United States of America, Appellee, v. James Henry Miller, Appellant (two Cases), 451 F.2d 1306 (4th Cir. 1971)Annotate this Case
Argued Nov. 5, 1971. Decided Dec. 22, 1971
Andrew W. Wood, Richmond, Va. (court-appointed counsel) [Bremner, Byrne & Baber, Richmond, Va., on brief], for appellant.
Rodney Sager, Asst. U. S. Atty. (Brian P. Gettings, U. S. Atty., on brief), for appellee.
Before HAYNSWORTH, Chief Judge, and WINTER and FIELD, Circuit Judges.
These are two appeals by James Henry Miller from judgments of conviction entered against him pursuant to a jury verdict of guilty in each case. In No. 71-1401 Miller was charged in a five count indictment with offenses involving United States postal money orders, the first count charging a conspiracy under 18 U.S.C. § 371, and the remaining counts charging substantive violations of 18 U.S.C. § 641. Miller was convicted on the first four counts and the fifth count was dismissed on motion of the Government. In No. 71-1409 Miller was convicted of bail jumping in violation of 18 U.S.C. § 3150.

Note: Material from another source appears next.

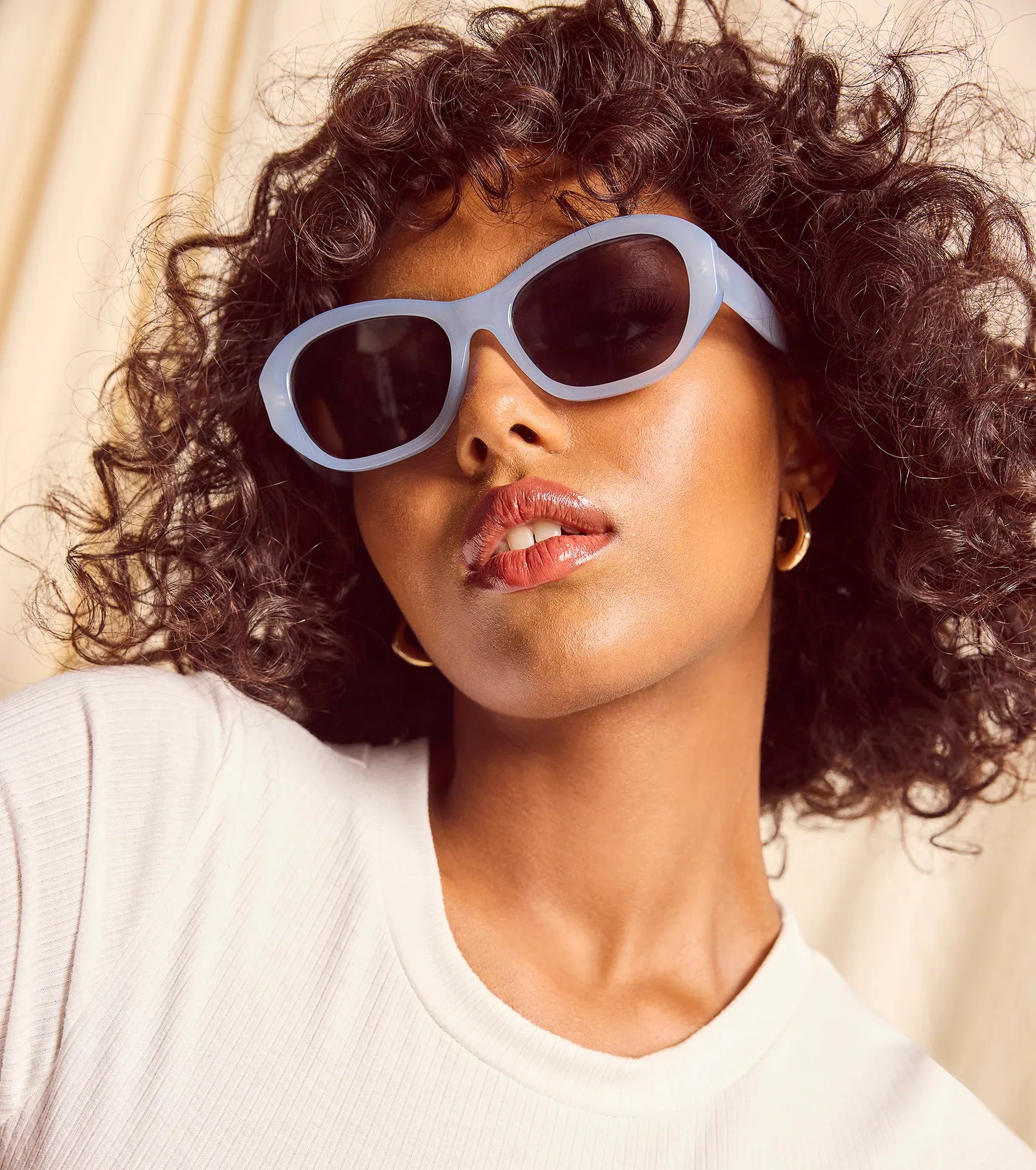 Level up the trend factor of your summer looks with these cool shades. The sunglasses feature an angled oval-shaped design with a translucent plastic frame. built-in nose pads. and tinted lenses. Pair with a and sneakers.

Upon the appeal in No. 71-1401 the defendant challenges the sufficiency of the Government's evidence, a substantial part of which was the testimony of two witnesses who were named as codefendants with Miller in the conspiracy count of the subject indictment. It is the suspect nature of this testimony which Miller places in question upon this appeal. While, of course, the testimony of an accomplice should be examined with care and received cautiously, nevertheless, such testimony may be sufficient to sustain a conviction, even though not corroborated if it convinces the jury of the defendant's guilt beyond a reasonable doubt. See United States v. Maddox, 394 F.2d 297 (4 Cir. 1968). The record in this case shows that the District Judge gave the jury the appropriate cautionary charge relative to this testimony and, additionally, there was ample evidence to sustain the jury's verdict of guilty on each count. Accordingly, the judgment of conviction in No. 71-1401 is affirmed.

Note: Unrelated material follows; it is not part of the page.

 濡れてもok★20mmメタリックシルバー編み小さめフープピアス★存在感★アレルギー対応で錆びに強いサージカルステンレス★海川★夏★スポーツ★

In No. 71-1409, the bail jumping case, Miller takes the position that the District Court erred in refusing to grant a request for a continuance to give him an opportunity to subpoena two witnesses in his defense. In a colloquy between the Court and the defendant, Miller stated that the two witnesses would testify with respect to threats made upon his life by certain persons, and it was Miller's position that he failed to appear for trial in response to the conditions of his bail because of his fear of bodily harm or death by reason of such threats. In denying the continuance, the District Judge observed that such fear on Miller's part, even if true, was no defense in law for his nonappearance. We agree with the position taken by the trial court, especially since Miller failed to tender himself to the authorities or otherwise ask that any protective measures be taken for his safety prior to fleeing the jurisdiction. See Weddington, etc. v. Commonwealth, 79 Ky. 582 (1881); Fleenor v. State, 53 Ind.Rep. 166 (1877). Accordingly, the conviction in this case is also affirmed.
In passing sentence, the District Court sentenced Miller to a term of five years on each of the four counts in No. 71-1401 with the provision that the commitments run concurrently. In No. 71-1409 the Court committed Miller for a term of five years to run consecutively to the commitment in No. 71-1401.

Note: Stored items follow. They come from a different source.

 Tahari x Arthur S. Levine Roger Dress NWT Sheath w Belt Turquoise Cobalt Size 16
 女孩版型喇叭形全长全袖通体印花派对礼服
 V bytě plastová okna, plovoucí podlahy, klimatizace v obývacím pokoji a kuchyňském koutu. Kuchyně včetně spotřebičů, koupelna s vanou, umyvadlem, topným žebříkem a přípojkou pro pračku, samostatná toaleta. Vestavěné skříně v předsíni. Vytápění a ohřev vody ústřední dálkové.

While, as we have stated, the defense proffered by Miller in the bail jumping case was insufficient in law, it was an element which should have been considered by the Court in the disposition of the case. Whether it was so considered is not apparent from the record and, accordingly, we remand the case to the District Court in order that the Judge may review the sentence in No. 71-1409 in the light of this observation. See United States v. Hawthorne, 356 F.2d 740 (4 Cir. 1966).